The significance of the early maximal negative T wave on electrocardiography was evaluated in 74 patients with initial acute anterior myocardial infarction (MI) admitted within 6 hours of onset. The relationship between the negative T wave and the severity of MI, as assessed by MI size and left ventricular dysfunction, was investigated. Serial electrocardiography, maximal creatine phosphokinase (CKmax), total myocardial perfusion index by thallium-201 single photon emission computed tomography myocardial scintigraphy, and left ventricular ejection fraction (LVEF) by technetium-99m scintigraphy were obtained. The amplitude of maximal negative T wave (NTmax) was observed between 4 and 96 hours after the onset (mean 46.3 +/- 19.3 hours). NTmax was significantly correlated with CKmax-1 (r = 0.613, p < 0.001) and with LVEF (r = 0.542, p < 0.002). Patients were divided into 3 groups based on NTmax: the deep negative T (DNT: NTmax > or = 10 mm) group, intermediate negative T (INT: 4 mm < or = NTmax < 10 mm) group and shallow negative T (SNT: NTmax < 4 mm) group. Compared with the SNT group, the DNT group revealed smaller CKmax (p < 0.05), more reduced LVEF and myocardial perfusion index (p < 0.05, respectively). The INT group had intermediate values. Serial electrocardiography of the DNT group showed the reappearance of R waves in leads V1-V4, normalization of the ST segment, and relatively early appearance of terminal T wave inversion (p < 0.05, respectively). NTmax reflects the infarct size, and is a clinically simple and useful parameter to estimate the severity of acute anterior myocardial infarction.

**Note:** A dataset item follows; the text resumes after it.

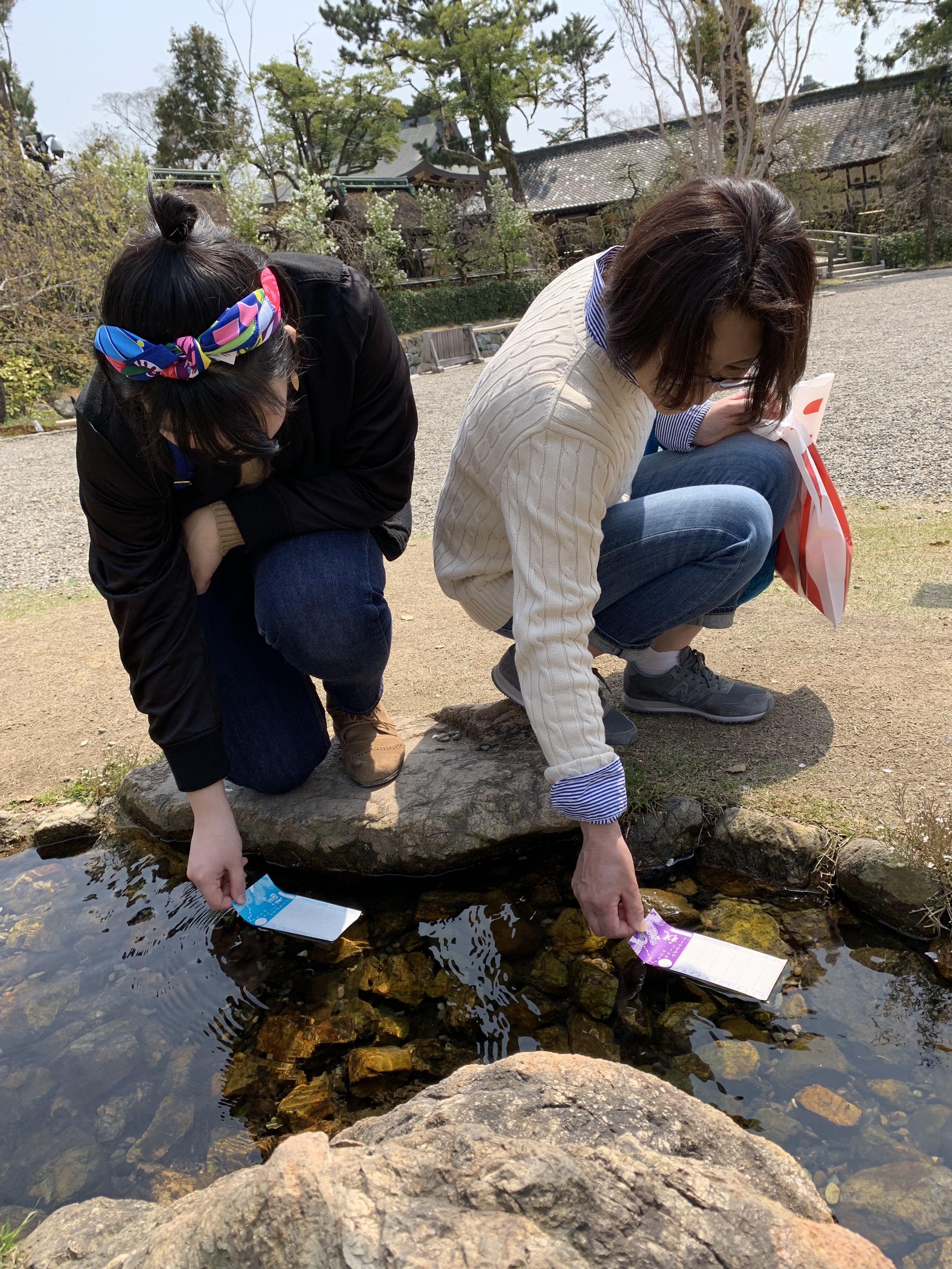 朝早く起きて京都の桜🌸を見に行きました。先ず学問の神様 菅原道真公が祀られている北野天満宮にお参りです。境内に入る前で大道芸の猿回しを見ることができました。お猿さんの顔は、誰かに似てるねって笑いながら見事な芸を感心しながら見ました。境内に入り頭が良くなる様にお願いをしました。水占いみくじをしてみました。おみくじを水に浸すと文字が浮かび上がる仕組みになっています。暖かな日に庭園の小川にみくじを浸し、雅な時間でした。気がつくとおじゃる丸の様な話し方になっていました。私は仕事、嫁さんは健康、娘は学業に関する占いを選びました。先ず嫁と娘が水に浸し浮かび上がった文字を読むと『小吉』でした。私はそれ以上を出すぞと、意気込んで気合いを入れてヒタヒタしました。浮かび上がって来た文字は『小吉』。なーんだ引き分けかと、思いながら「願い事・心穏やかに運を持てば叶う。健康・焦らず気長に養生せよ。金銭・努力すれば自ら開かれる。」と読み上げると「あれ〜っ。私達も。」偶然の一致なのか、それともみんなそうなのか。神様の前ゆえにあまり深く考えないようにしました。北野天満宮前の粟餅所・澤屋にて粟餅を食べました。この前に澤屋に入った時、嫁さんが大きな声で「すいませ〜ん。栗餠🌰くださ〜い。」と店に入り、中の職人さんが「栗餠🌰じゃなくて、粟餅ですね。」と直され、赤っ恥をかきました。でも今回は店内でイートイン、時落ち着いて「粟餅のこし餡、きな粉をください。」と注文しました。グッドジョブ👍。粟餅の上品な味は、小腹が空いた私達の欲求を満たしてくれました。

对74例发病6小时内入院的初发急性前壁心肌梗死(MI)患者,评估心电图早期最大负向T波的意义。研究了负向T波与通过梗死面积和左心室功能障碍评估的MI严重程度之间的关系。获取了系列心电图、最大肌酸磷酸激酶(CKmax)、通过铊-201单光子发射计算机断层心肌显像得到的总心肌灌注指数,以及通过锝-99m显像得到的左心室射血分数(LVEF)。在发病后4至96小时观察最大负向T波(NTmax)的振幅(平均46.3±19.3小时)。NTmax与CKmax-1显著相关(r = 0.613,p < 0.001),与LVEF也显著相关(r = 0.542,p < 0.002)。根据NTmax将患者分为3组:深负向T波(DNT:NTmax≥10 mm)组、中度负向T波(INT:4 mm≤NTmax < 10 mm)组和浅负向T波(SNT:NTmax < 4 mm)组。与SNT组相比,DNT组的CKmax较小(p < 0.05),LVEF和心肌灌注指数降低更明显(分别为p < 0.05)。INT组的值处于中间水平。DNT组的系列心电图显示V1-V4导联R波再现、ST段恢复正常以及终末T波倒置相对较早出现(分别为p < 0.05)。NTmax反映梗死面积,是评估急性前壁心肌梗死严重程度的一个临床简单且有用的参数。